SCROLLING through social media looking at the pictures coming in from Catalonia in the last week has been inspiring – and worrying.

One in particular told a broader story. The scene: Catalonians sitting in the street, defending their parliament against anti-referendum raids being carried out by the Spanish National Guard. The protesters are flanked by a line of armed police, thousands of whom have been mobilised to occupy party offices, warehouses containing ballot papers, and the Catalonian government itself.

A chilling caption accompanies the image: “I have posted this picture in black and white, because it seems to fit a different era.” As well it might. The range of repressive measures being meted out by the Spanish state is a throwback to Francoism.

The cross-hairs of the Spanish state are fixed over every element needed to conduct a democratic referendum. From postal firms and printing factories through to political parties.

Indeed, the citizens of Barcelona, as they travel in and out of the city, are being stopped and searched for any trace of referendum material. Posters are pulled down and confiscated. Over 750 elected mayors face arrest. A junior Minister and his fourteen officials have been arrested. Offices have been turned over – again searching for any signs of democratic life – in a calculated process of collective intimidation and repression. Even newspaper offices are not sacrosanct, and have been raided without warrants.

Spanish Prime Minister Mariano Rajoy is making the well-worn claim that he is standing up for the rights of all Spaniards. Indeed, the front cover of ABC, a major conservative-leaning newspaper in Spain, ran with the headline, Democracy is restored in Catalonia, amidst the repressive onslaught taking place.

The argument is that the referendum is illegal as deemed by the Spanish Supreme Court. This has been loosely interpreted so that it can embrace the full swathe of anti-democratic measures.

But what makes the present rupture remarkable is the degree to which Rajoy is ratcheting up direct and overt force in the face of the planned referendum. Their mission is not to rubbish the result – it is to prevent it from happening at all.

It has become a much wider question than that of independence – but one about free speech and the right to politically organise.

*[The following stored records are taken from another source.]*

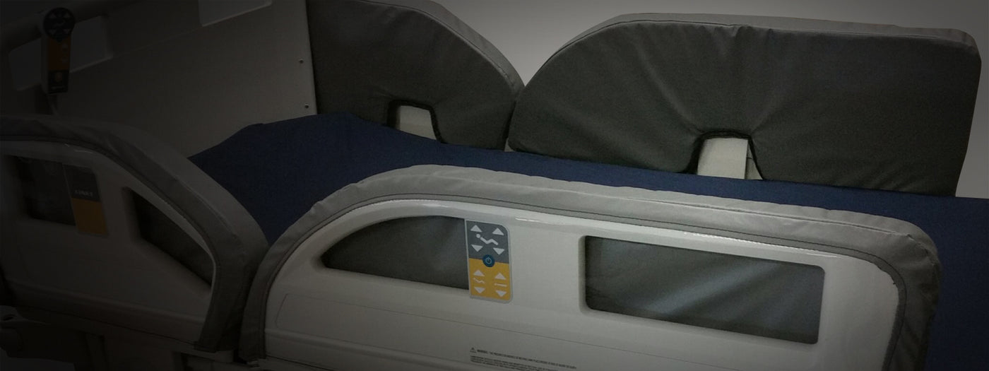 Our standard Side Rail Stretcher Pads attach securely over existing siderails with no shifting and are easily removed when needed. Covers are made of a waterproof durable medical-grade, easy to clean polyurethane coated Vynmed™ vinyl, which is soft to the touch and never brittle.
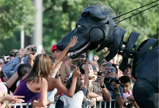 这项工作并不容易,但我作为操纵木偶的演员,这项工作为我提供了很多帮助。我们创造的是一个有灵魂的巨人,每个人物都有身份所投射的性格。比如那位80多岁的巨人老奶奶,她是人们心中一个长者的象征,受到许多人的追捧。 我坚持要让她换上得体的衣服,衣服下面还要透着有弹性的皮肤,这是生命的体征。也像墨西哥狗Xolo一样,它的欢腾是为要释放出某种对人类的情感。为了给老奶奶“植皮”,我们研发了新型材料,如莱卡,硅胶,纸……
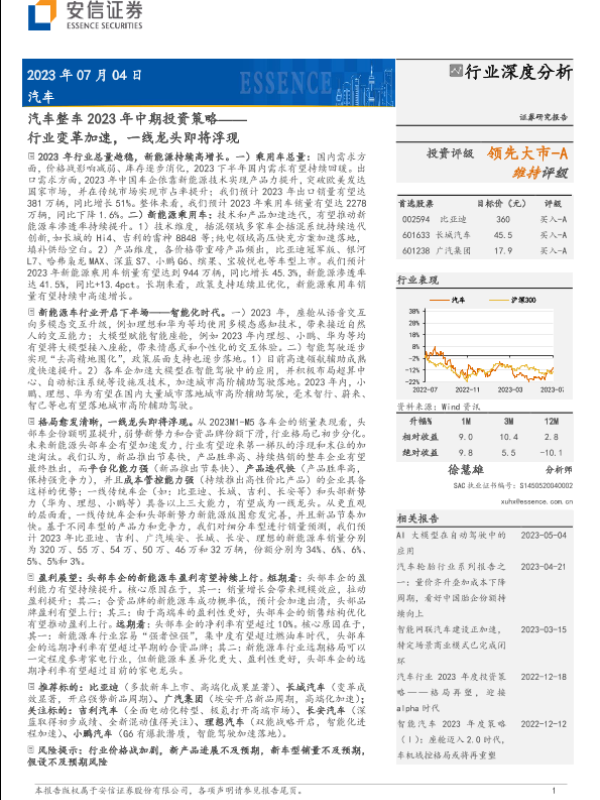 【安信证券】【20230704】汽车整车行业2023年中期投资策略:行业变革加速,一线龙头即将浮现-53页
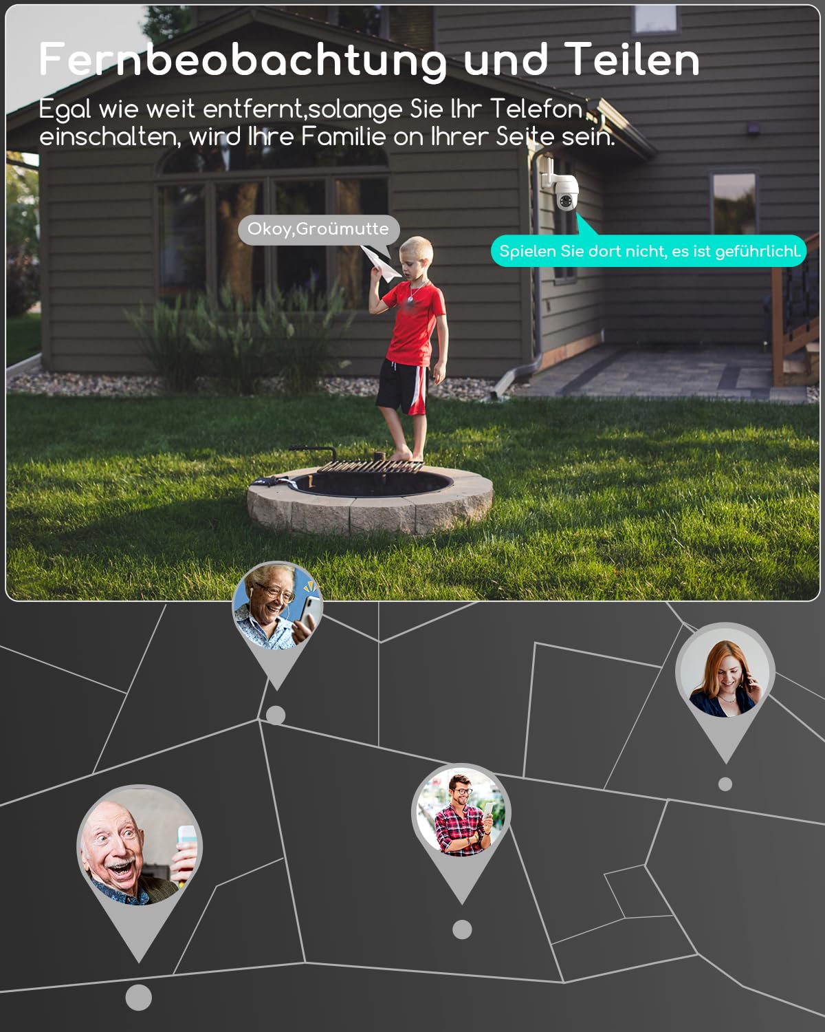 【Real-time Remote Monitoring】This outdoor security camera with a 360° viewing angle can cover all areas, so all suspicious behaviors cannot hide anywhere. You can access our wifi camera from anywhere to control it via the app, such as changing the viewing angle, communicating with visitors, seeing what's happening in real time, and sharing with your family to ensure the security of your home.
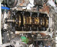 Im Bild rechts sieht man den Motor dann offen und ohne Ölpumpe (zum Federtausch muss die Pumpe eigentlich nicht raus, da man an den Sprengring, der die Feder hält, gut von unten drankommt. Sind aber nur ein paar Schrauben und dann ist die auch ab.
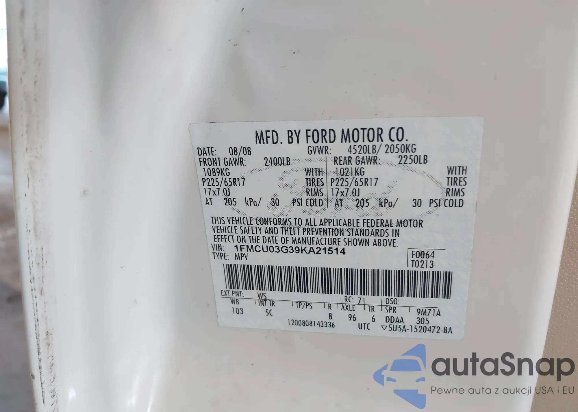 VIN: 1FMCU03G39KA21514
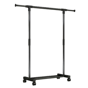 Compact and sturdy clothes rack with adjustable height and smooth-rolling lockable wheels.
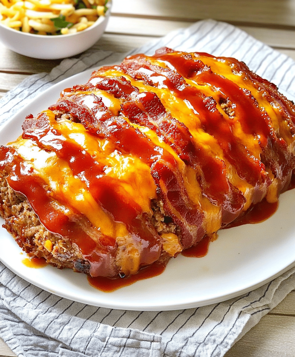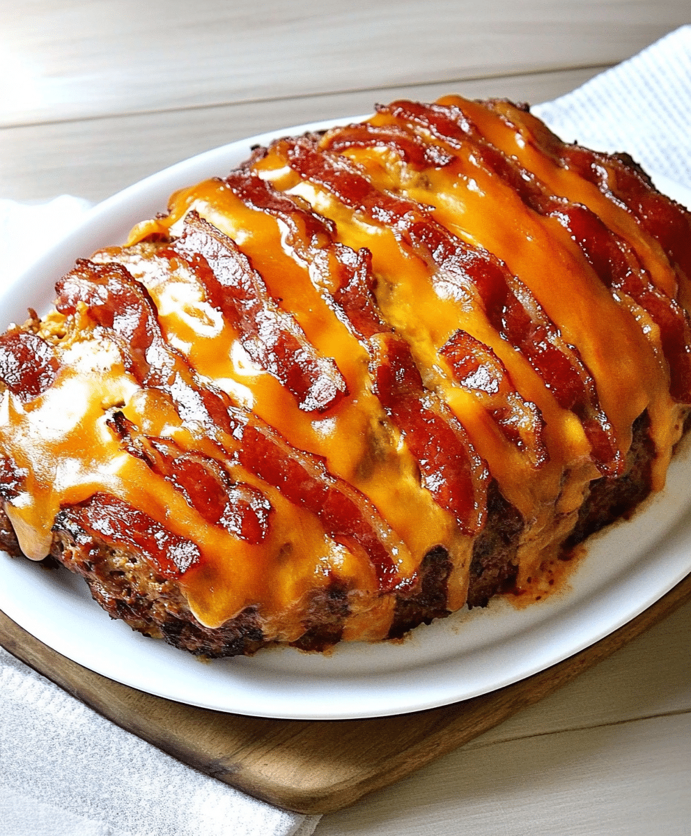 This bacon cheeseburger meatloaf recipe combines the classic flavors of a cheeseburger into a hearty, comforting dish.
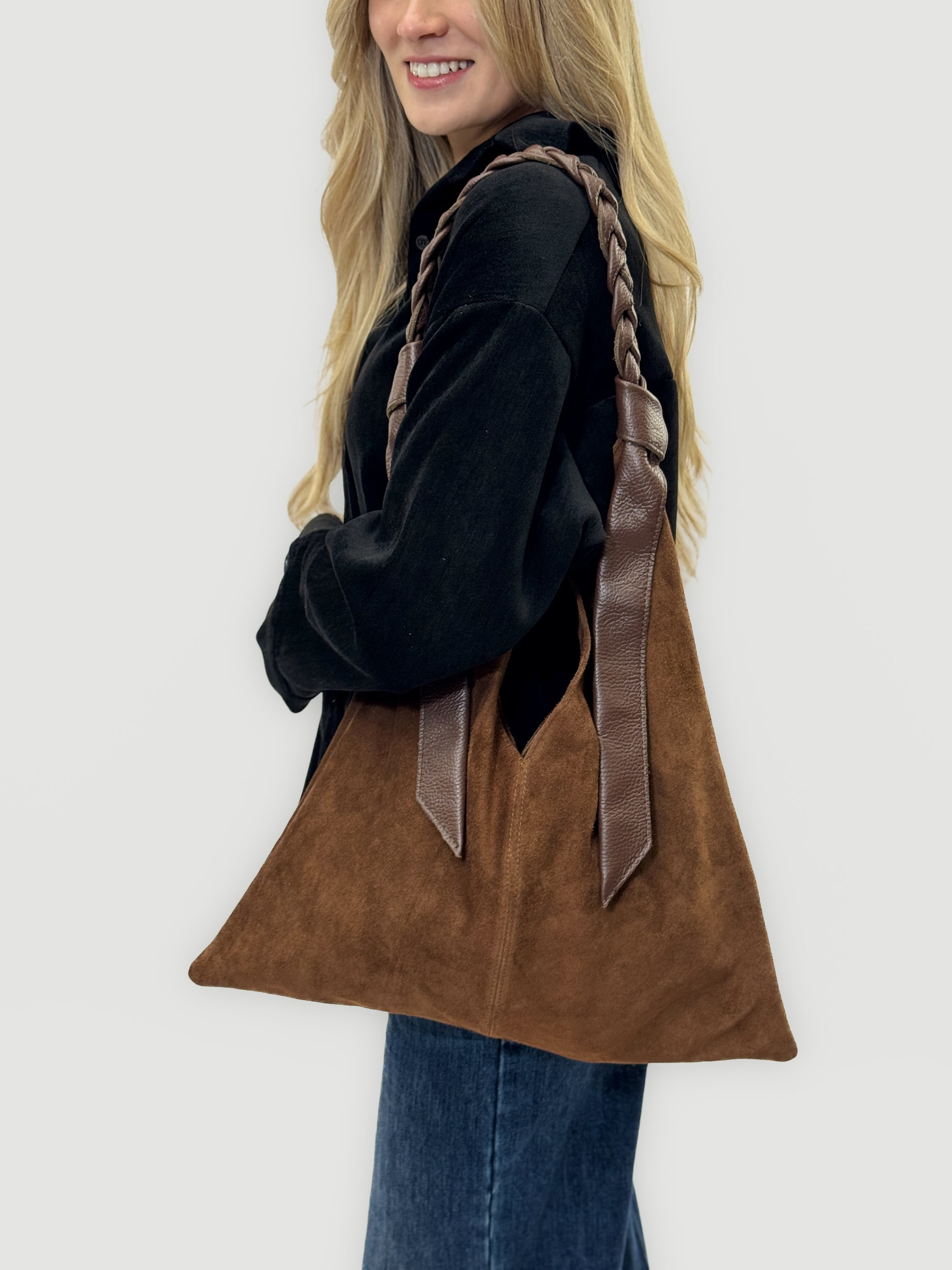 Borsa a Spalla in Vera Pelle Scamosciata Mia – Made in Italy
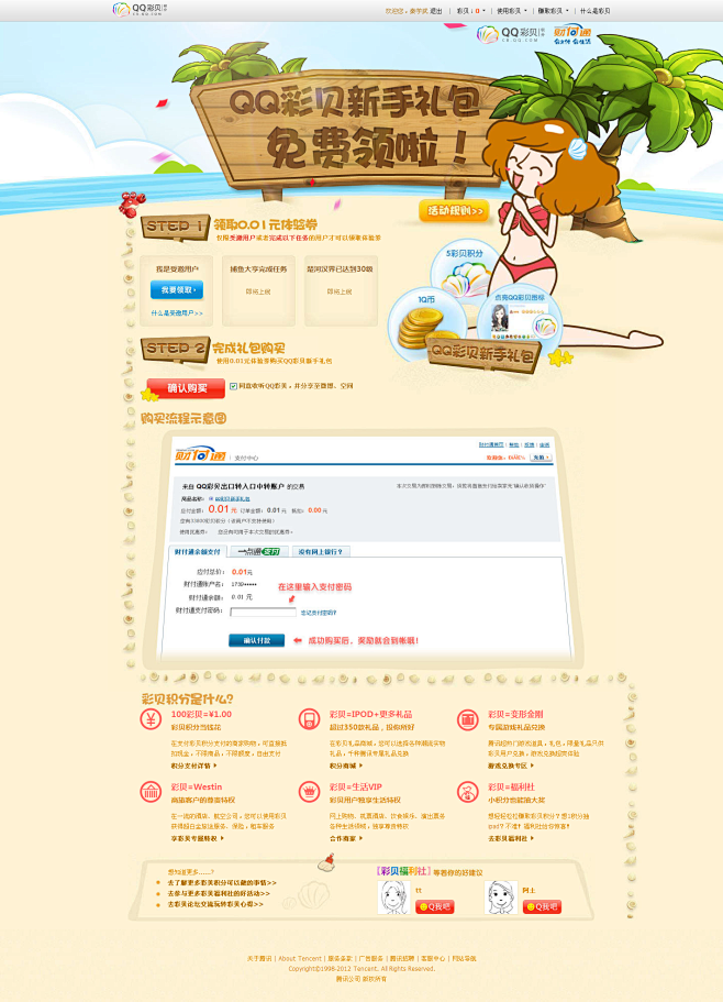 QQ彩贝欢乐钟活动 100彩贝等于1元可购买
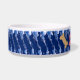 The original artwork by ZoeSPEAK on this breezy looking Dog Bowl is a pattern with a mood of the seaside. Done in marine blue and white, the bowl is banded by shapes which look like water droplets in a diagonal pattern. At the centre of the band is text in white which reads "SHELBY'S WATER BOWL". This is set to personalise with your own dog's name, or delete if you like. To the left of the name is a pink paw print and a light brown dog bone. These, too, can be moved or removed as you wish. A casual chic doggie look with coordinated tableware for humans.
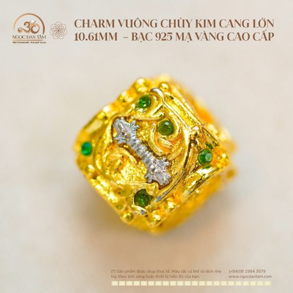 Charm Vuông Chùy Kim Cang Lớn 10.61mm - Bạc 925 Mạ vàng Cao Cấp
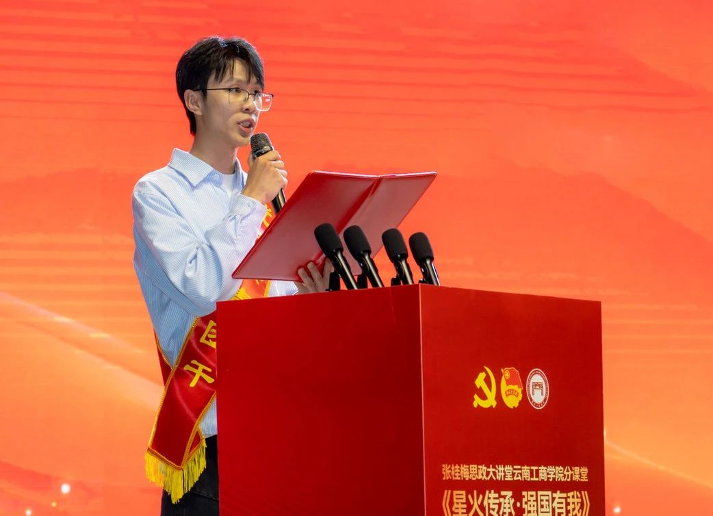 获奖代表们分享了他们奋斗路上的感人故事与深刻体悟。优秀共青团干部代表王颢竣,深情阐述了团干部服务奉献、倾听青年心声、强化组织引领的事迹;书香班级代表王斌,生动描绘了班级晨读和诗意文化浸润日常;“挑战杯”获奖团队代表陈俊蓉,回顾了团队在科研道路上深耕文献、反复实验、以创新思维勇敢探索并最终验证科学可能的历程,展现了青年学子勇于攀登的科研精神。
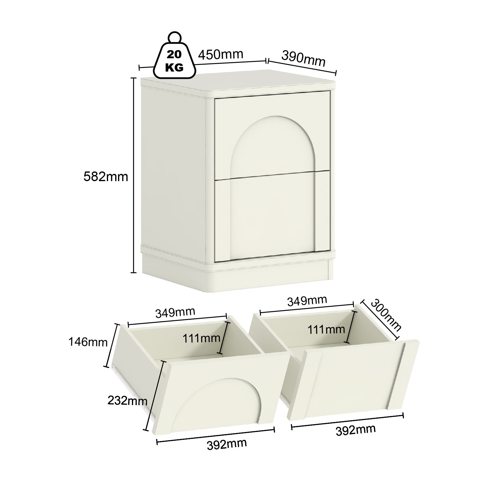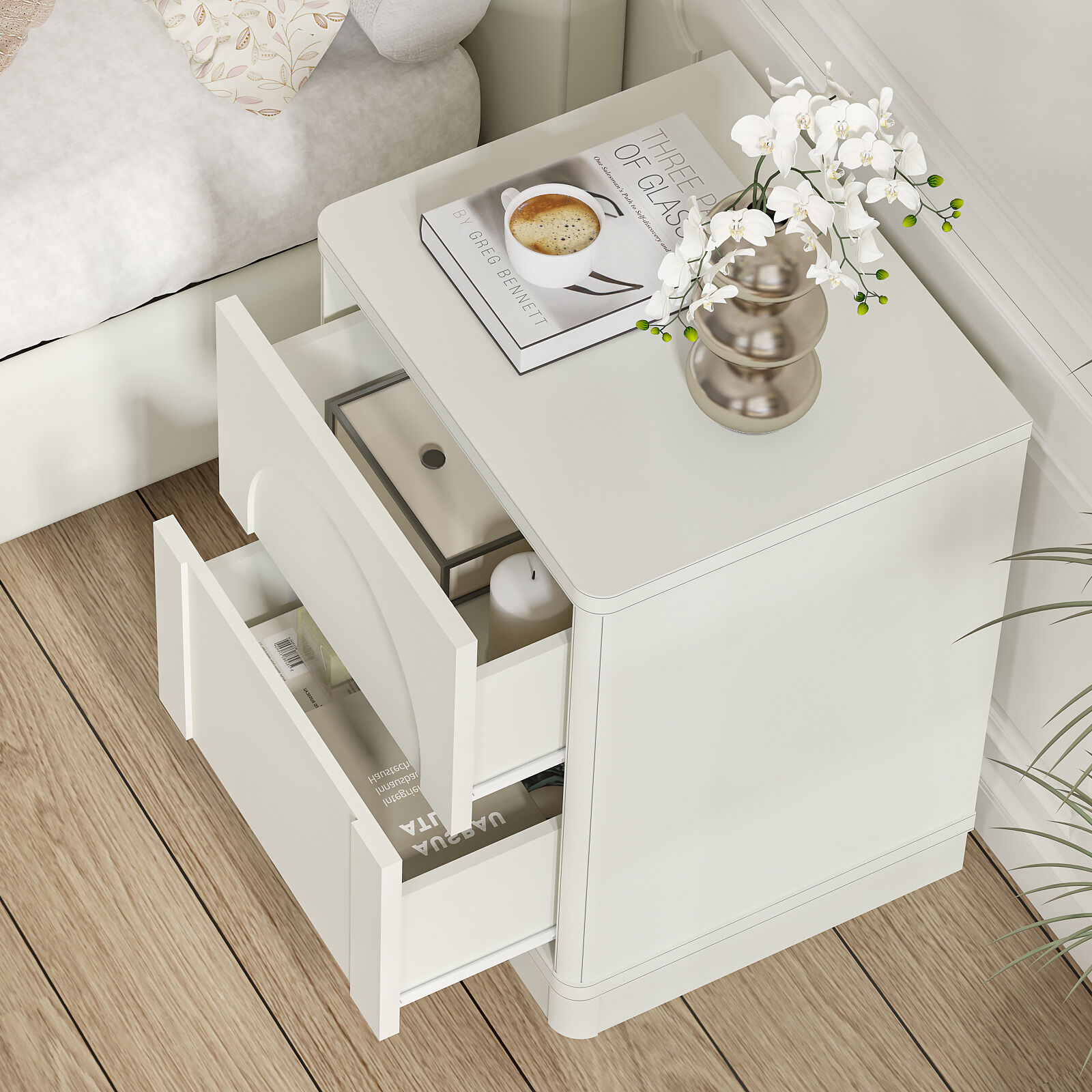 The chest of drawers features eight spacious, smooth-gliding drawers for organized storage and a wide top surface for decorations and cosmetics. The bedside table combines minimalist and retro-inspired details, with curved and rectangular drawer fronts, refined trim, and a clean white finish that adds elegance and depth to your space.
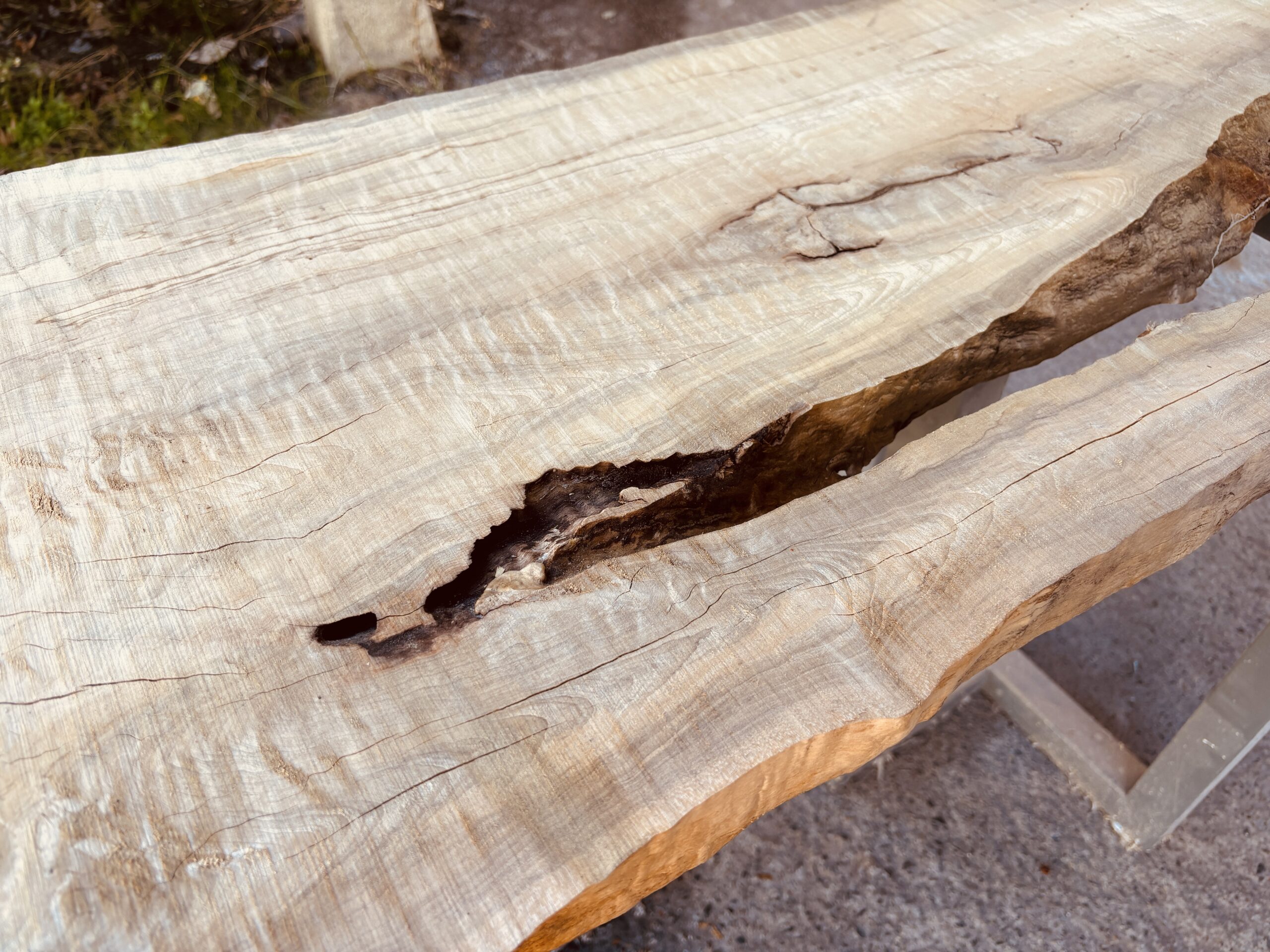 割れの強さとそのすぐ横に現れる柔らかな杢。

But it is only animating support for independence for Catalonia. There has been a simply massive response from the people, who have mobilised in huge demonstrations of opposition to the repression. The demonstrations are entirely peaceful, but they are noisy and determined. At 10pm every night the ‘cacerolada’, or noisy protest, takes place. The air beats with the drumming of pots and pans, it buzzes with the sounds of car horns and the streets are filled with ordinary people making a stand for democracy.

Rajoy may have overplayed his hand. Protests are now spreading across Spain under the banner: Catalonia, you are not alone.

The situation demands an international response that stands with the people of Catalonia. In Scotland the Radical Independence Campaign is calling for a major national demonstration on October 1, the day of the referendum, to take place at the Spanish consulate in Edinburgh.